There is a line below that contains "En marzo de". Please reproduce it and all following lines exactly, through the final one.

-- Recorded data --
-- Opening Marker --

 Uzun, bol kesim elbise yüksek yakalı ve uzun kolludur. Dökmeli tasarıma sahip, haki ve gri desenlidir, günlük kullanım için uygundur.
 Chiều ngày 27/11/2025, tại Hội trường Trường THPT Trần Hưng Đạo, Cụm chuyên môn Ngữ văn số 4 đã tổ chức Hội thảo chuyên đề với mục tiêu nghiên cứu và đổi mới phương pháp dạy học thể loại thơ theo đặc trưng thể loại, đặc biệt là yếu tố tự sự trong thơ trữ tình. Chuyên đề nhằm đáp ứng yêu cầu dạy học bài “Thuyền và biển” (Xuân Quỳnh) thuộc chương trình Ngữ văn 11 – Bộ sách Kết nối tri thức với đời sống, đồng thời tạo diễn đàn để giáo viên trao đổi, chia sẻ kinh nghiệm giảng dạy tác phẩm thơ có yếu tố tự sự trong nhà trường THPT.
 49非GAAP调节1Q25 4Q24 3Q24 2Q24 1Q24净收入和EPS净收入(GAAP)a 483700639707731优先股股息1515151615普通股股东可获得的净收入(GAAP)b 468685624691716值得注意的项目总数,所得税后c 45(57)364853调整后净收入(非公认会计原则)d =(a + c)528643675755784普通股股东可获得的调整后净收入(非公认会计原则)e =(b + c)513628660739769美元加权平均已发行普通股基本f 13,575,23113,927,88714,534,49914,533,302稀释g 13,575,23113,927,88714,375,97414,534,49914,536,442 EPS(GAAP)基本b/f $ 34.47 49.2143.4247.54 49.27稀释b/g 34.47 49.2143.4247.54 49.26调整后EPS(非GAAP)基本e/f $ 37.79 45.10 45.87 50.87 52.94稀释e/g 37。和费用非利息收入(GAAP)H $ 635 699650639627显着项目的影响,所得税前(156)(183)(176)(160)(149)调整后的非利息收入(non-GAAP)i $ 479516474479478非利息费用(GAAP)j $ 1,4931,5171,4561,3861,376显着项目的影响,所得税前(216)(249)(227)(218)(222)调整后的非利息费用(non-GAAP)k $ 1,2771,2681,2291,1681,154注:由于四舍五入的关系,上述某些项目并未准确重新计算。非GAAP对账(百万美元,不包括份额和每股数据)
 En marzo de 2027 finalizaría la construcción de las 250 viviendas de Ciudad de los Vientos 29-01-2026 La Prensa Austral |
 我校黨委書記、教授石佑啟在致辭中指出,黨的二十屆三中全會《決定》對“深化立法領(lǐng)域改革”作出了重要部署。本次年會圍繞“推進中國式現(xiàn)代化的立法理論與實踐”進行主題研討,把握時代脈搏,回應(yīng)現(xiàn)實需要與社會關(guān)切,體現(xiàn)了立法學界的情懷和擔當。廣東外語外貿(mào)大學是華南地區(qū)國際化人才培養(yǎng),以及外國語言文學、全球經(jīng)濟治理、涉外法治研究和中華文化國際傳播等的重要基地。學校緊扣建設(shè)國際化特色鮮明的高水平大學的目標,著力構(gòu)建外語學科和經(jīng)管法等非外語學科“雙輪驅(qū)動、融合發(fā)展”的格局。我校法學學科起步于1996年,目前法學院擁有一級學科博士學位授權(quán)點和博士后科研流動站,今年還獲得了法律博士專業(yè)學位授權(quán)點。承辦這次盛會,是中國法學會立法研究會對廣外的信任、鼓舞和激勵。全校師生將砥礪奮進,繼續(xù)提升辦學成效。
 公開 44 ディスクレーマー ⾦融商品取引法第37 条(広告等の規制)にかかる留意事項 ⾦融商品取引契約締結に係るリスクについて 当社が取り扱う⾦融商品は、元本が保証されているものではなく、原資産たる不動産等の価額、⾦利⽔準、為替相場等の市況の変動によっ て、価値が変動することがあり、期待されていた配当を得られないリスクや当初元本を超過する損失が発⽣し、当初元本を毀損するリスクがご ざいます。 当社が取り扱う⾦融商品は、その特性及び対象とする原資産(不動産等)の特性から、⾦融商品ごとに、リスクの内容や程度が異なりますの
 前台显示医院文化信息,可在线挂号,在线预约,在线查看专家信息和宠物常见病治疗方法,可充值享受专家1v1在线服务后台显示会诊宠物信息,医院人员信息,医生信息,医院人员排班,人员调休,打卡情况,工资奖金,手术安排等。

-- Closing Marker --

-- Solution to this exercise --
 En marzo de 2027 finalizaría la construcción de las 250 viviendas de Ciudad de los Vientos 29-01-2026 La Prensa Austral |
 我校黨委書記、教授石佑啟在致辭中指出,黨的二十屆三中全會《決定》對“深化立法領(lǐng)域改革”作出了重要部署。本次年會圍繞“推進中國式現(xiàn)代化的立法理論與實踐”進行主題研討,把握時代脈搏,回應(yīng)現(xiàn)實需要與社會關(guān)切,體現(xiàn)了立法學界的情懷和擔當。廣東外語外貿(mào)大學是華南地區(qū)國際化人才培養(yǎng),以及外國語言文學、全球經(jīng)濟治理、涉外法治研究和中華文化國際傳播等的重要基地。學校緊扣建設(shè)國際化特色鮮明的高水平大學的目標,著力構(gòu)建外語學科和經(jīng)管法等非外語學科“雙輪驅(qū)動、融合發(fā)展”的格局。我校法學學科起步于1996年,目前法學院擁有一級學科博士學位授權(quán)點和博士后科研流動站,今年還獲得了法律博士專業(yè)學位授權(quán)點。承辦這次盛會,是中國法學會立法研究會對廣外的信任、鼓舞和激勵。全校師生將砥礪奮進,繼續(xù)提升辦學成效。
 公開 44 ディスクレーマー ⾦融商品取引法第37 条(広告等の規制)にかかる留意事項 ⾦融商品取引契約締結に係るリスクについて 当社が取り扱う⾦融商品は、元本が保証されているものではなく、原資産たる不動産等の価額、⾦利⽔準、為替相場等の市況の変動によっ て、価値が変動することがあり、期待されていた配当を得られないリスクや当初元本を超過する損失が発⽣し、当初元本を毀損するリスクがご ざいます。 当社が取り扱う⾦融商品は、その特性及び対象とする原資産(不動産等)の特性から、⾦融商品ごとに、リスクの内容や程度が異なりますの
 前台显示医院文化信息,可在线挂号,在线预约,在线查看专家信息和宠物常见病治疗方法,可充值享受专家1v1在线服务后台显示会诊宠物信息,医院人员信息,医生信息,医院人员排班,人员调休,打卡情况,工资奖金,手术安排等。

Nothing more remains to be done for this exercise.